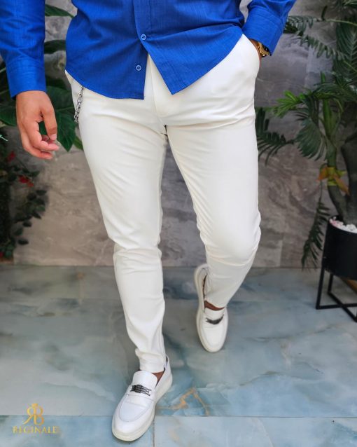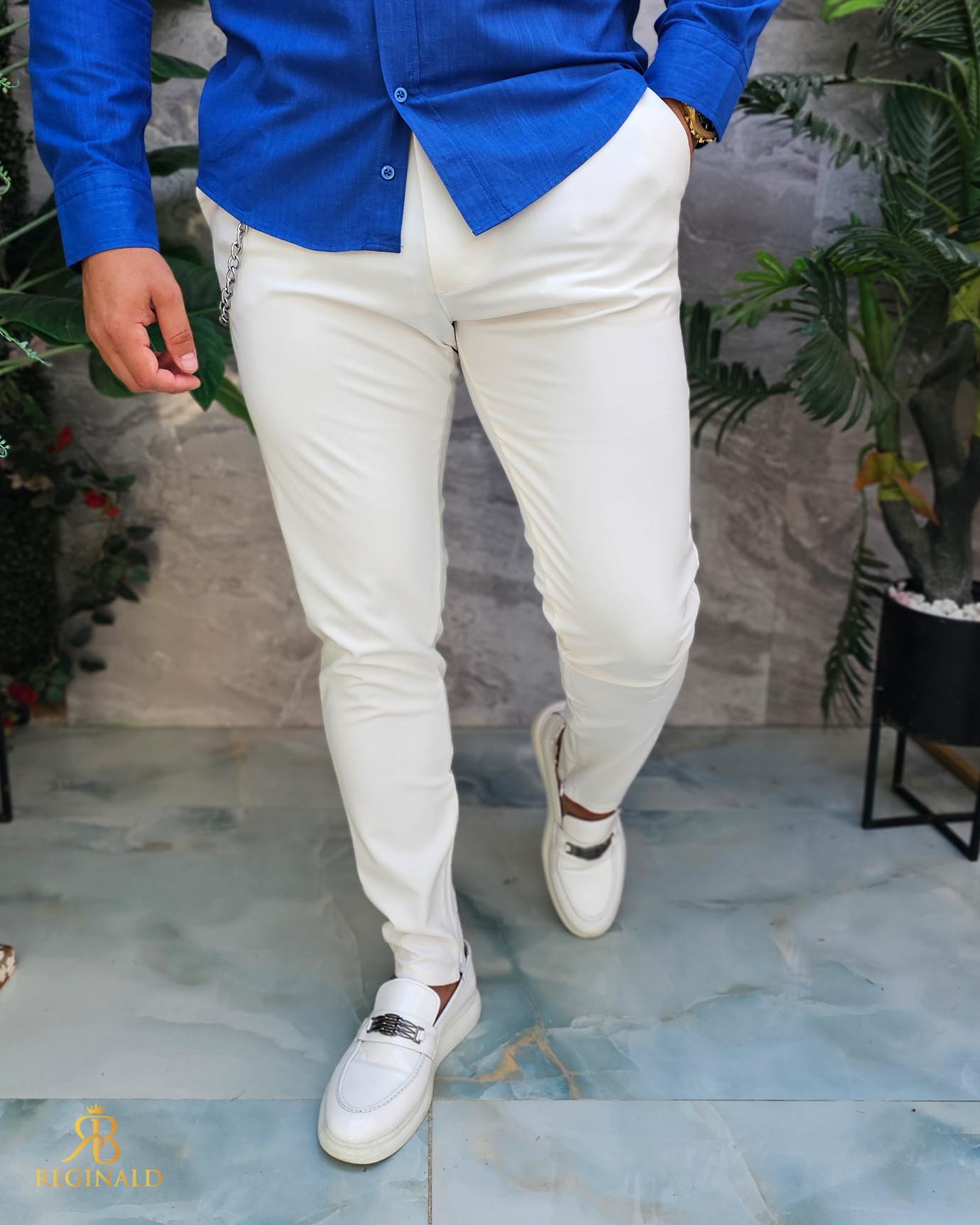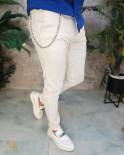 Pantaloni de barbati casual slim-fit, conici cu lant si fermoar la glezne
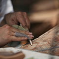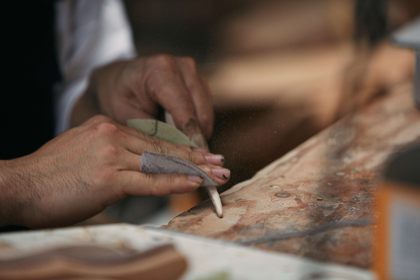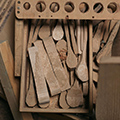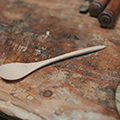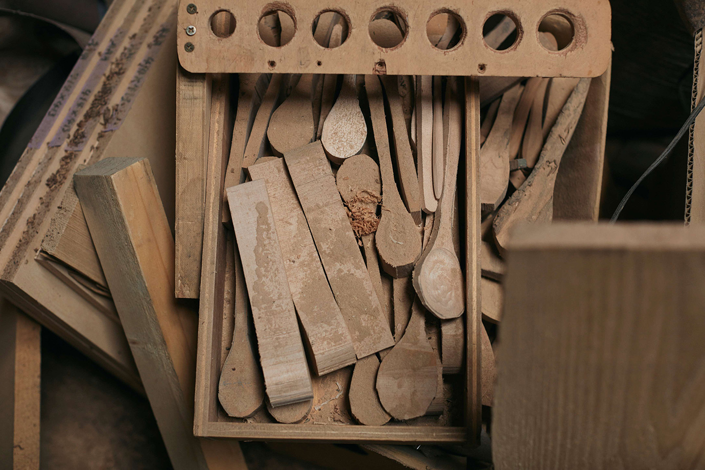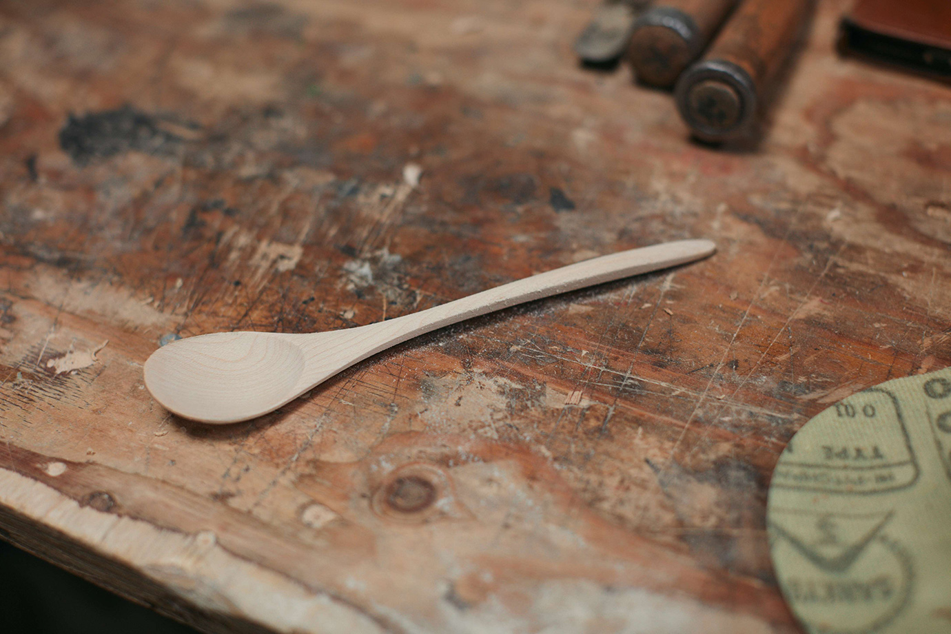 生木は、丸太から木地(荒挽き・荒削りした材料)にして、器に仕上げるまでに、数回の乾燥を含めると1年ほどかかります。あらゆる木地からイメージに合うものを選んで型取りを行い、切り出したら、ナイフやカンナ、紙ヤスリで削りながら形を整えていきます。仕上げは必ず手で行うことで、使う人の手にもなじむものになると思っています。
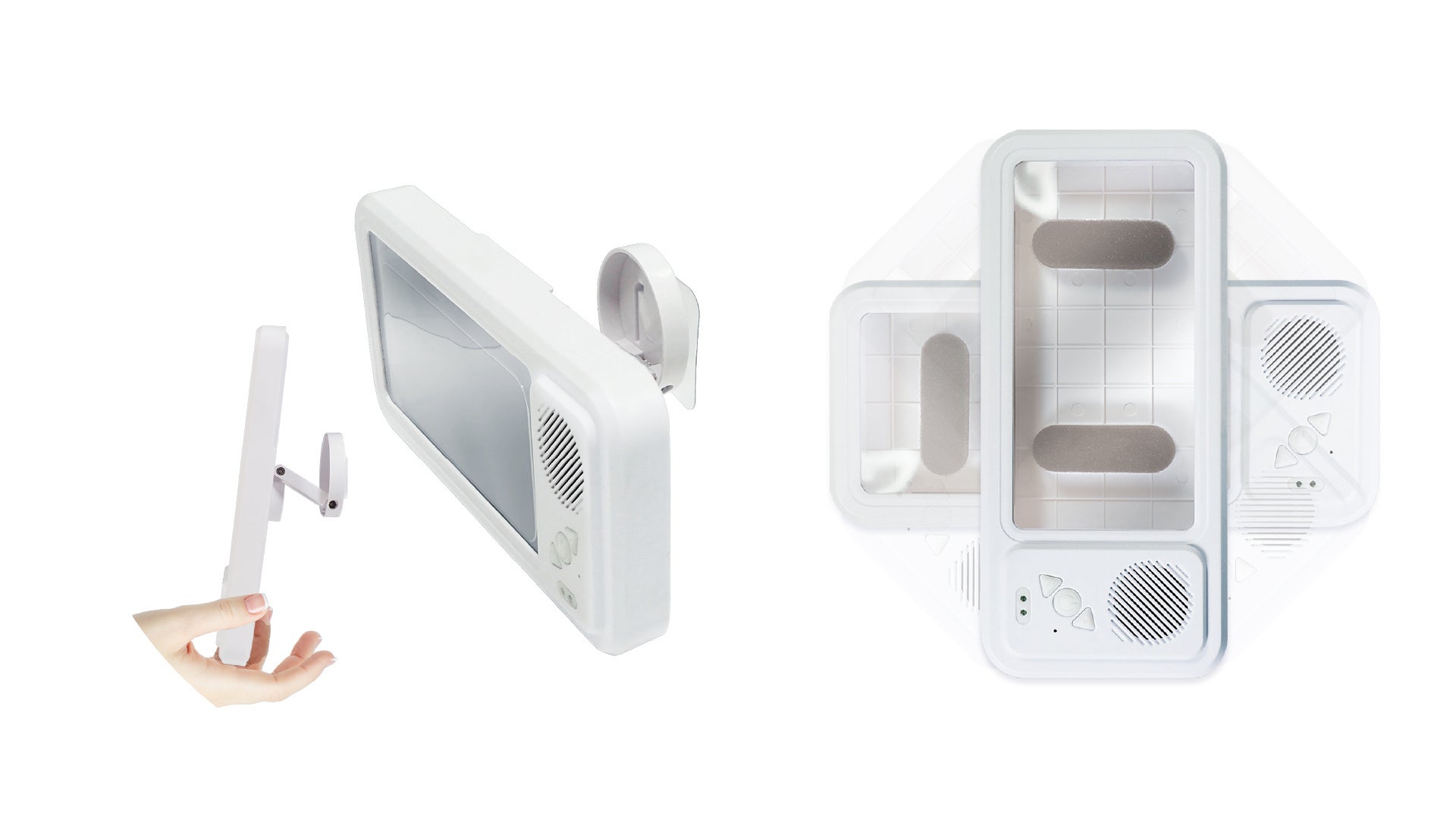 IPX4相当の防水仕様!背面の吸盤で浴室のガラスやタイルにピタッと吸着
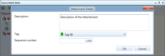 Sequence number, Description and Tag of a single selected attachment can be edited in a separate window modal window, as shown in figure 4. Choose Edit from the attachment's context menu to bring up this window modal window.
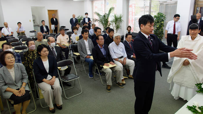 古澤文夫後援会会長のあいさつ後、伊崎博幸市議が登壇。丸山氏について「常に冷静沈着で言葉を選びながら、胸には誰よりも熱い上越愛が眠っている」と語り、応援を決めた理由を「丸山さんの考えと自分の考えがリンクしている。子育て世代の声が分かる、市街から外れた方たちの声を取り入れまちづくりをしていく丸山さんを応援したい」と話した。
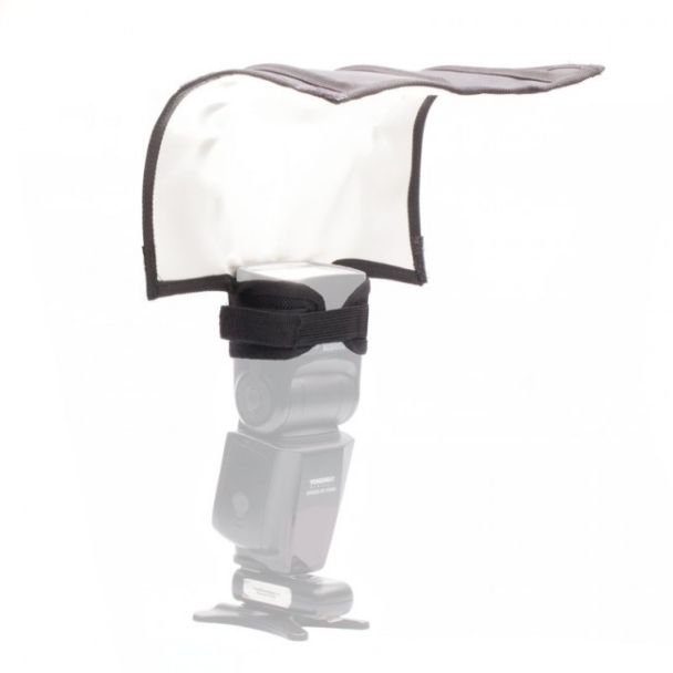 Met deze vouwbare bounce reflector transformeer je het harde licht van je reportageflitser direct naar zacht, professioneel licht. Waar een standaard omnibounce het licht alle kanten op verstrooit (en dus veel kracht verliest), stuur je met deze reflector het licht precies waar jij het wilt hebben. Dankzij het slimme ontwerp met 3 interne buigbare spiralen behoudt de reflector elke vorm die je hem geeft.
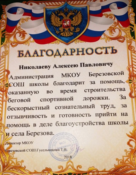 | Благодарноть за помощь в строительстве беговой дорожки |
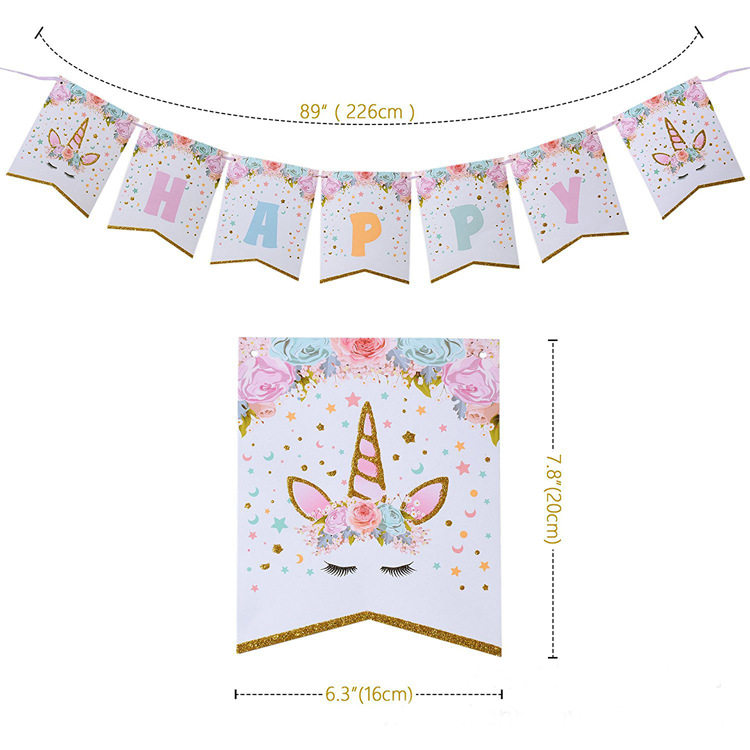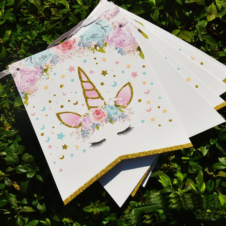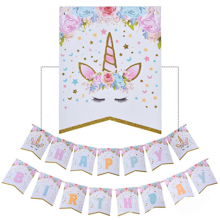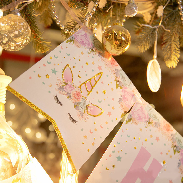 Ins wind net red unicorn birthday arrangement pull flower pony flag Polaroid theme children's birthday decoration bunting
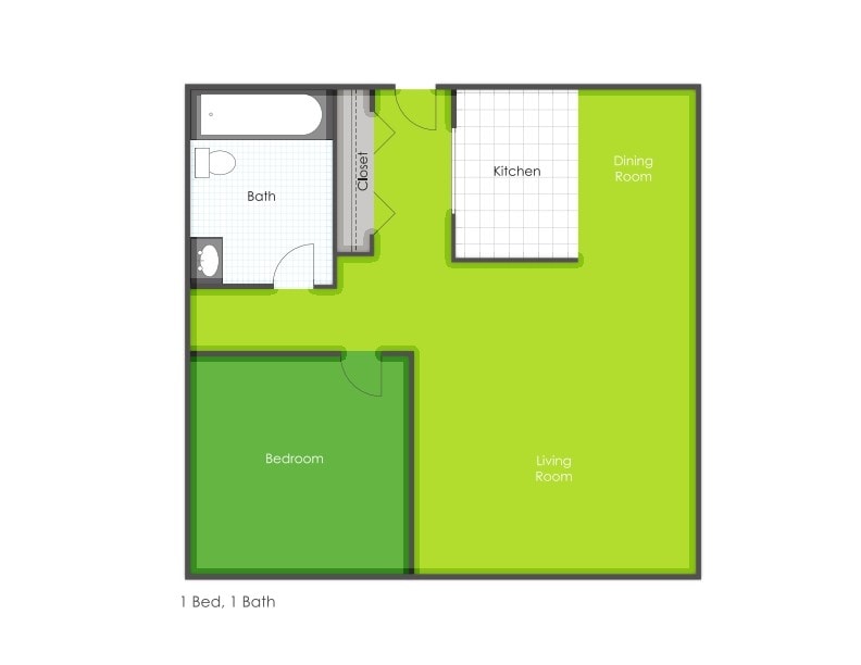 One Bedroom One Bath - Floorplan 1 2 Bedrooms
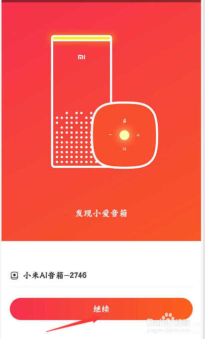 会在手机上显示小米AI箱的型号,然后点击【继续】。如果一直显示说找不到音箱。你可以【长按】音箱顶部的【CN】键来重置小米AI音箱。

****************************************

■ **What you should do**
Please extract exactly the lines of the data, from the first through the line containing "IPX4相当の防水仕様!背面の吸盤で浴室のガラスやタイルにピタッと吸着", and add no pictures to the copy.

■ **Answer box**
 Pantaloni de barbati casual slim-fit, conici cu lant si fermoar la glezne
 生木は、丸太から木地(荒挽き・荒削りした材料)にして、器に仕上げるまでに、数回の乾燥を含めると1年ほどかかります。あらゆる木地からイメージに合うものを選んで型取りを行い、切り出したら、ナイフやカンナ、紙ヤスリで削りながら形を整えていきます。仕上げは必ず手で行うことで、使う人の手にもなじむものになると思っています。
 IPX4相当の防水仕様!背面の吸盤で浴室のガラスやタイルにピタッと吸着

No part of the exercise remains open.